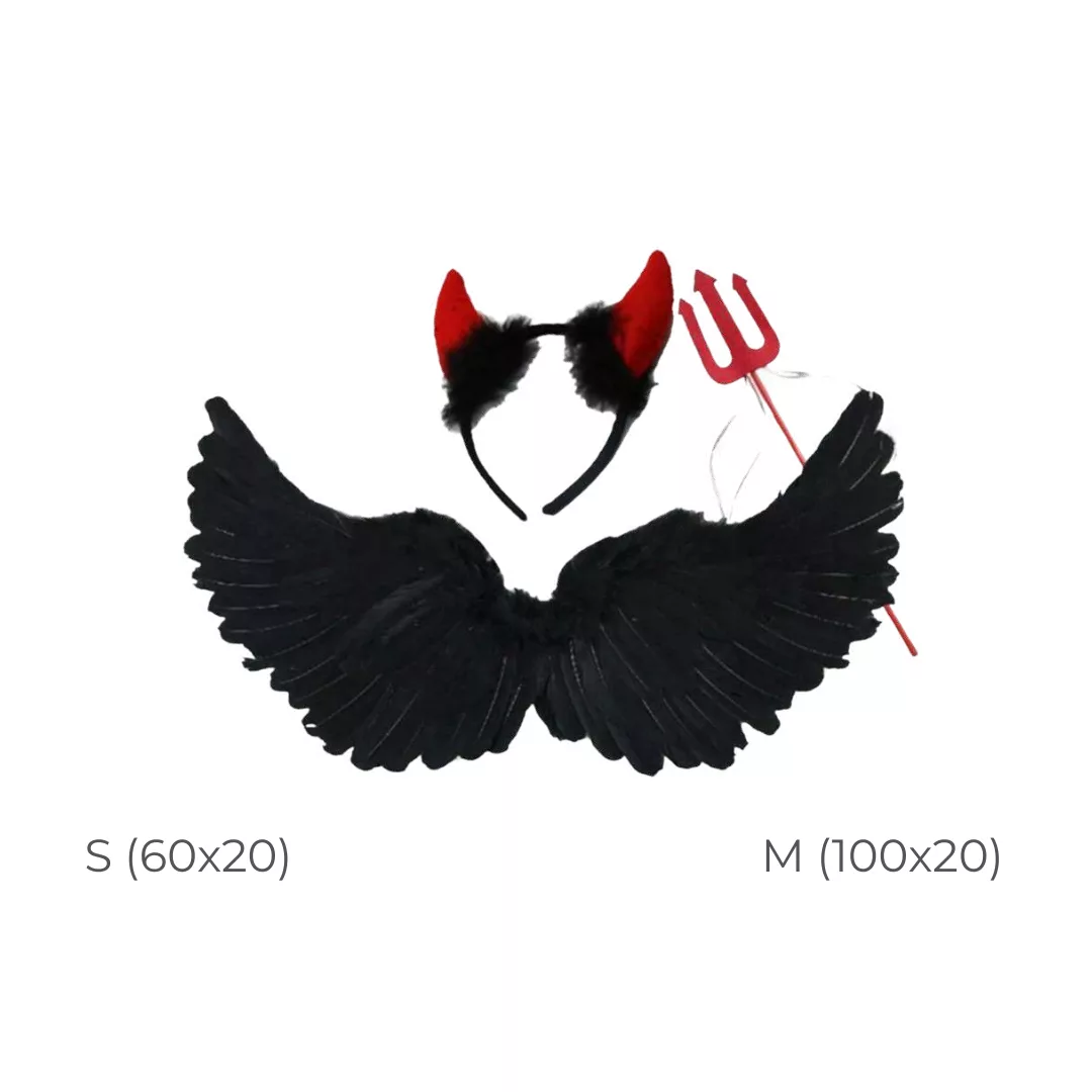 Set Accesorios Diabla / Ángel Oscuro (Cachos, Tridente, Alas) (2 Tamaños)
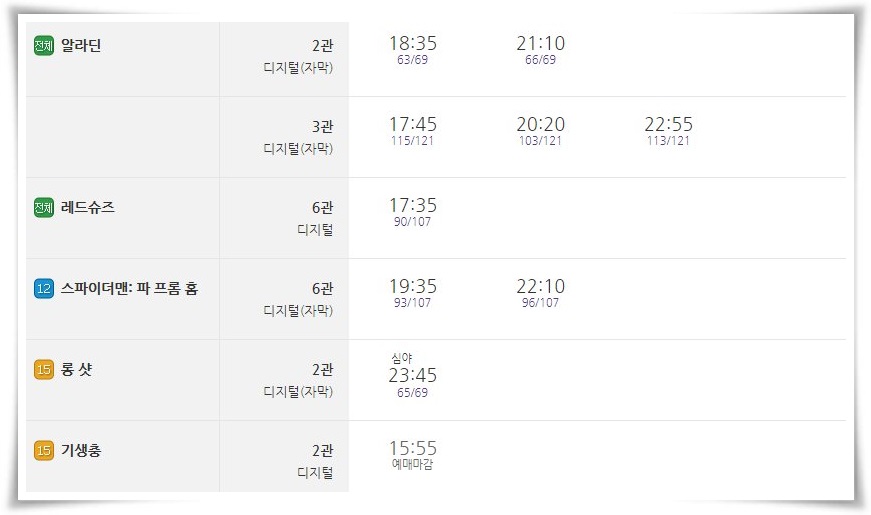 이외에도 알라딘, 레드 슈즈, 기생충, 스파이더맨 파 프롬 홈, 롱샷 등이 상영 중입니다. 많은 영화들이 상영하고 있는 만큼 영화를 선택하는데 조금은 어려울 수도 있겠네요.
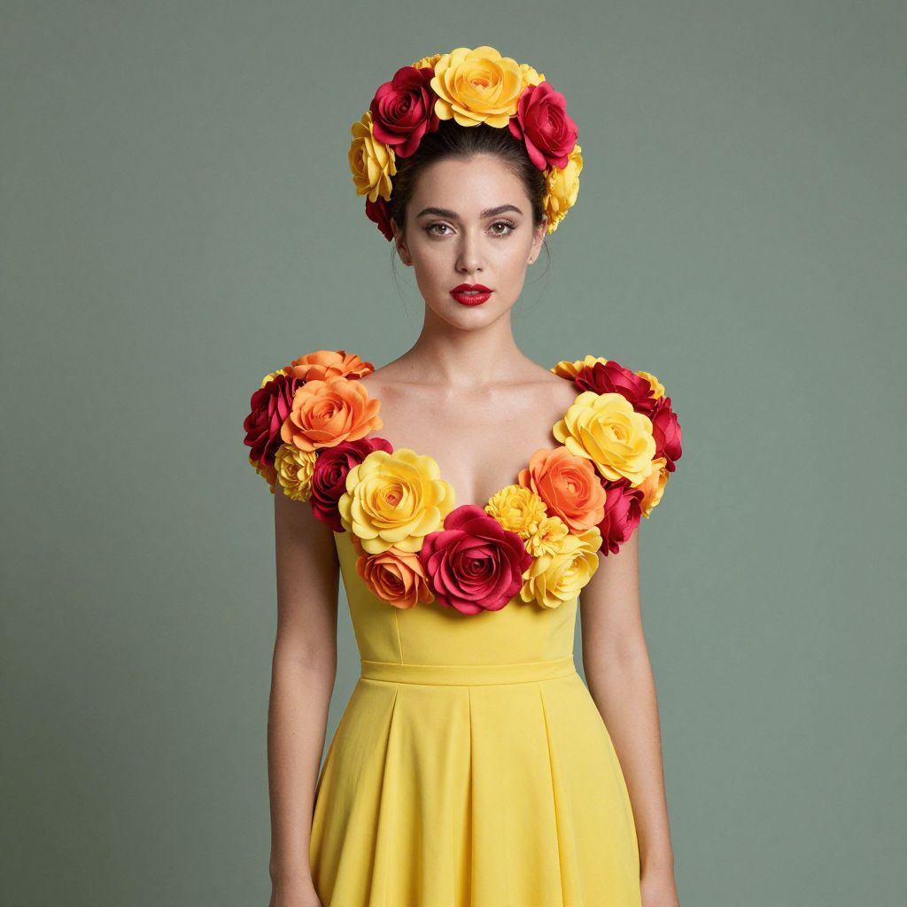 A woman poses gracefully against a muted green background, wearing a vibrant yellow dress adorned with large red, orange, and yellow floral appliques around the neckline and shoulders. Her matching floral headpiece and bold red lipstick complement the colorful, elegant look, presenting a modern and artistic fashion style.
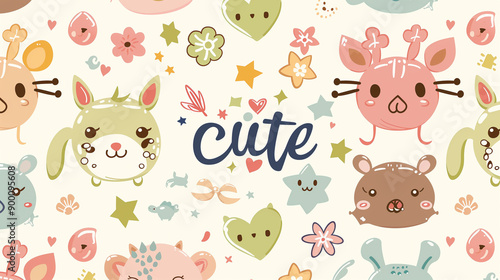 cute, pattern, star, heart, animal, cartoon, adorable, illustration, children, playful, seamless, design, background, rabbit, bear, cat, pig, decorative, baby, fun, childcare center, character, whimsical, happy, joyful, colourful, doodle, seamless pattern, wallpaper, fabric, delightful, texture, animal, flower, art, pet, vector
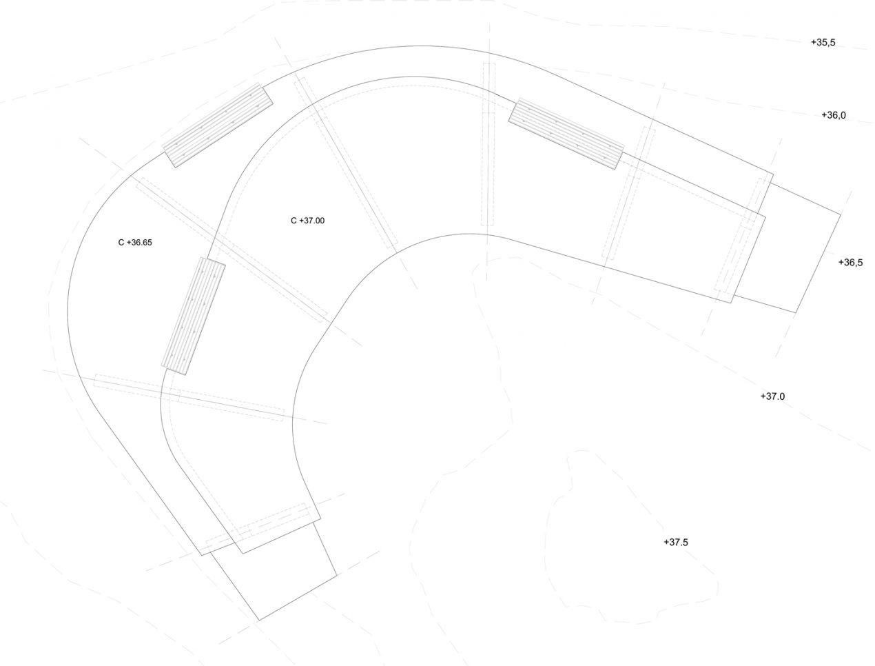 Corten steel steps pattern Elevation 1/30 3 Corten steel tree ring to the italian cypres Elevation 1/75 2 CONSTRUCTION DETAILS corten steel tree grille in two pieces circular cut for lighting tree opening ø250mm ground level frame tree grille weed stop layer 800 760 250 380 1200 760 380 Corten steel tree grilles to table top trees
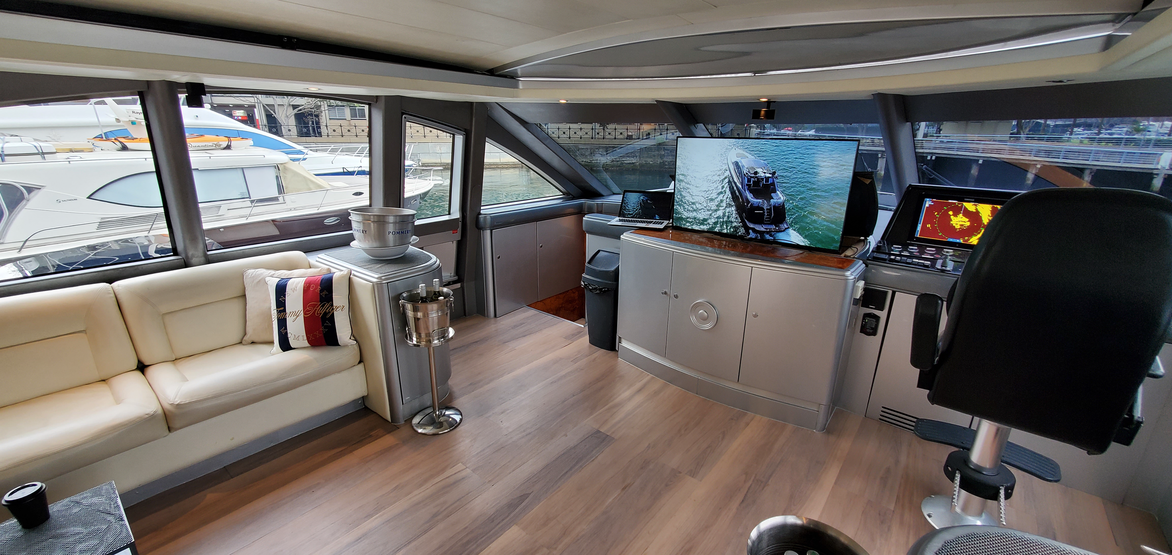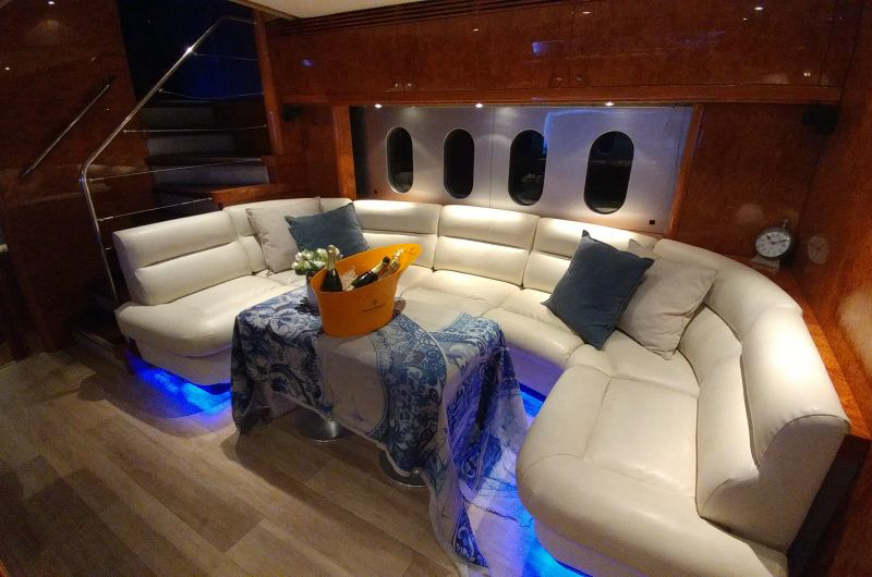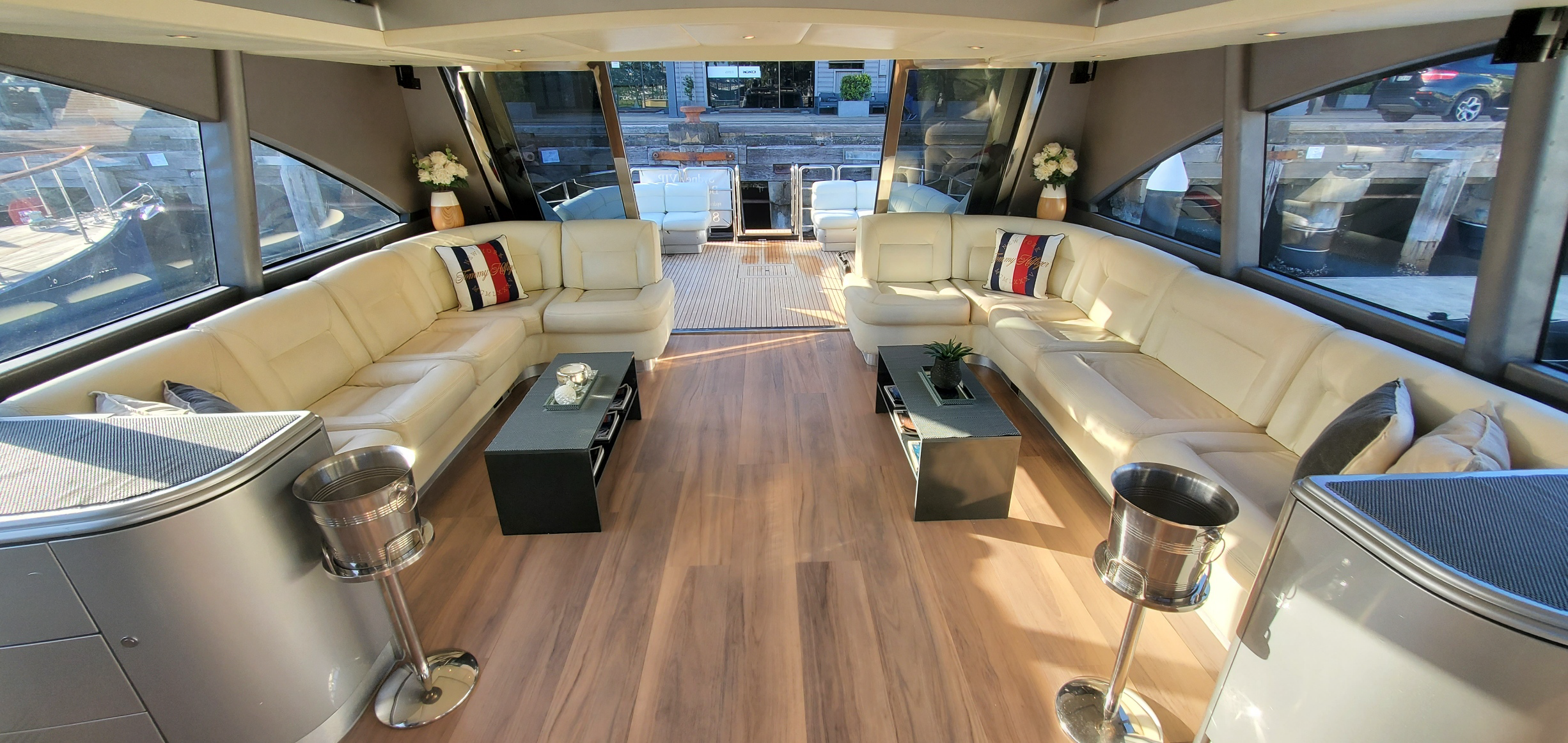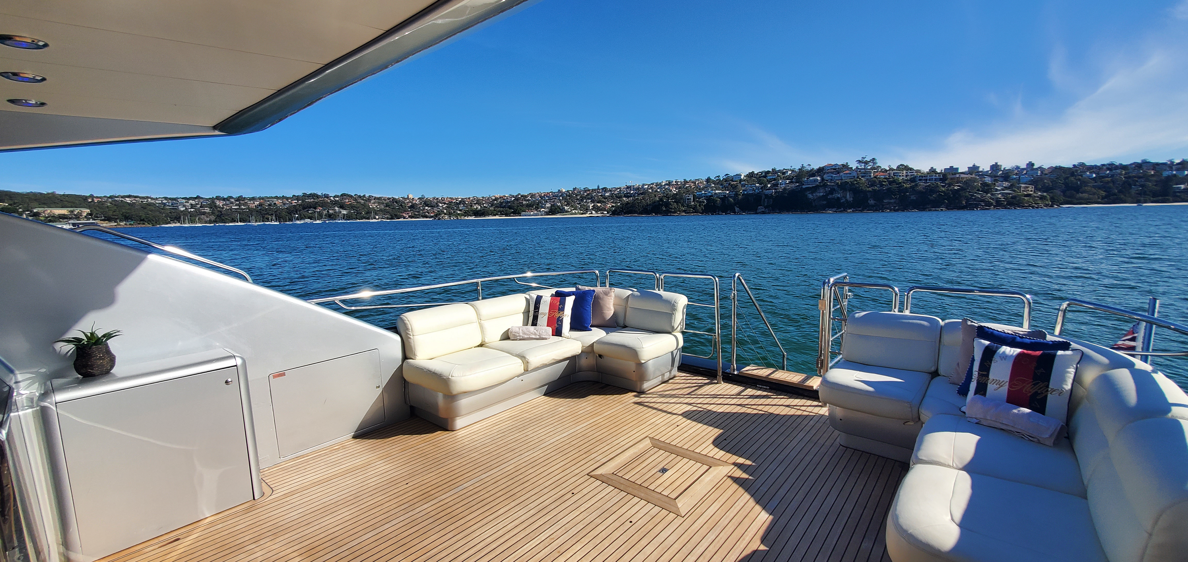 This luxury 77’ Warren yacht relaunched following a complete refurbishment with luxury fit out and reconfiguration of the upper saloon to offer huge entertaining space for cruises on Sydney Harbour. The upper saloon offers a huge open plan joined interior / exterior deck area that offers guest uncluttered floor space for mingling with other guests but combined with a huge amount of comfortable lounge seating for those that would prefer to relax and chat while watching the harbour scenery pass by.
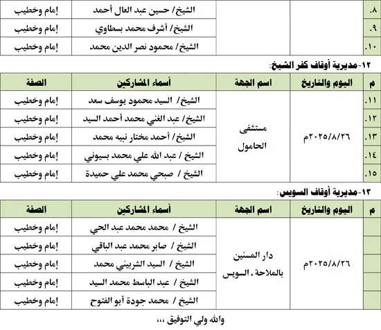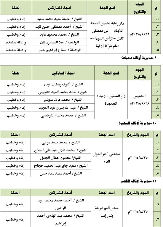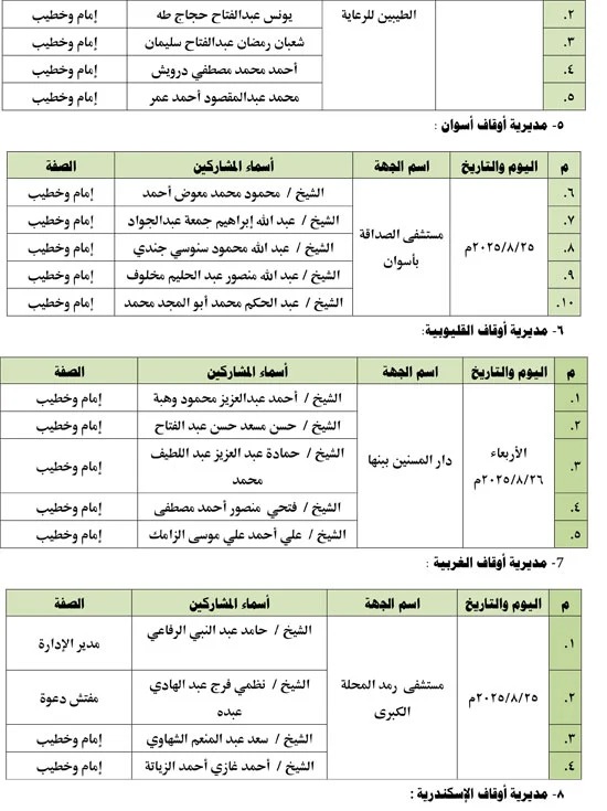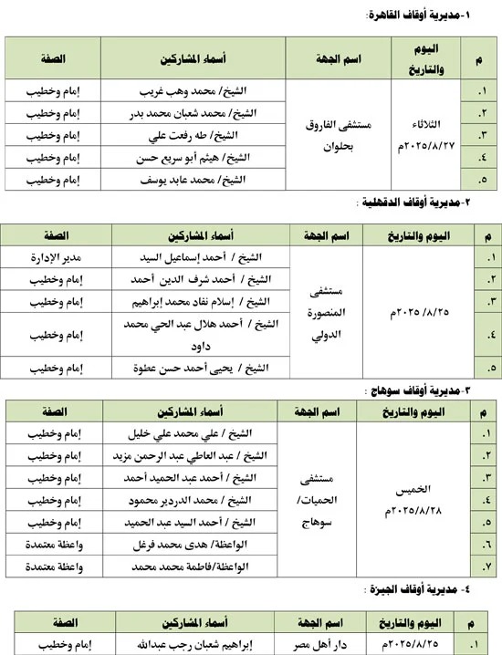 تنظم وزارة الأوقاف 13 قافلة دعوية وإنسانية ضمن برنامج "قوافل الرحمة والمواساة"، وذلك خلال الأسبوع الرابع من شهر أغسطس 2025م، بدءًا من الأحد 24 أغسطس وحتى الخميس 28 أغسطس 2025 م، قبل صلاة الظهر، متوجهة إلى عدد من المستشفيات ودور رعاية المسنين ودور الأيتام في مختلف المحافظات.
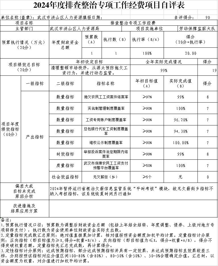 下一步改进措施:一是进一步提升案件处置力度。严格落实我区根治拖欠农民工工资工作领导小组职责,进一步完善多部门联合治理机制。同时联合行业主管部门及街道对隐患项目开展督办约谈,及时化解欠薪隐患问题。强化“两法”衔接,用好“黑名单”制度,整合各类诚信守法信用评级等资源,保证违法行为联合惩戒工作落实到位;二是持续做好隐患排查与日常巡查。充分发挥好各类信息平台和街乡一线执法人员作用,持续巩固前期走访成果,开展不定时回头看工作,持续开展欠薪隐患大排查,时刻保证对我区在建项目情况明晰,发现问题及时预警、及时介入、及时化解欠薪隐患问题,确保不发生因欠薪引发重大群体性事件、到市赴省进京上访事件、恶性极端事件和重大舆情事件。
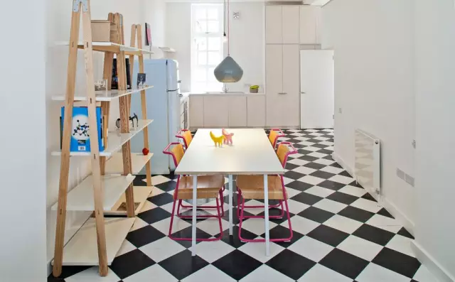 16. 看似简单的空间实则非常巧妙融入时尚元素,如旧木地板的处理与波普艺术的点缀。
- - - - - - -
Task details = Write out, word for word, the stretch of entries that begins at the line with "이외에도 알라딘, 레드" and ends at the line with "Corten steel steps". Pictures do not belong in it.

Answer to this exercise =
 이외에도 알라딘, 레드 슈즈, 기생충, 스파이더맨 파 프롬 홈, 롱샷 등이 상영 중입니다. 많은 영화들이 상영하고 있는 만큼 영화를 선택하는데 조금은 어려울 수도 있겠네요.
 A woman poses gracefully against a muted green background, wearing a vibrant yellow dress adorned with large red, orange, and yellow floral appliques around the neckline and shoulders. Her matching floral headpiece and bold red lipstick complement the colorful, elegant look, presenting a modern and artistic fashion style.
 cute, pattern, star, heart, animal, cartoon, adorable, illustration, children, playful, seamless, design, background, rabbit, bear, cat, pig, decorative, baby, fun, childcare center, character, whimsical, happy, joyful, colourful, doodle, seamless pattern, wallpaper, fabric, delightful, texture, animal, flower, art, pet, vector
 Corten steel steps pattern Elevation 1/30 3 Corten steel tree ring to the italian cypres Elevation 1/75 2 CONSTRUCTION DETAILS corten steel tree grille in two pieces circular cut for lighting tree opening ø250mm ground level frame tree grille weed stop layer 800 760 250 380 1200 760 380 Corten steel tree grilles to table top trees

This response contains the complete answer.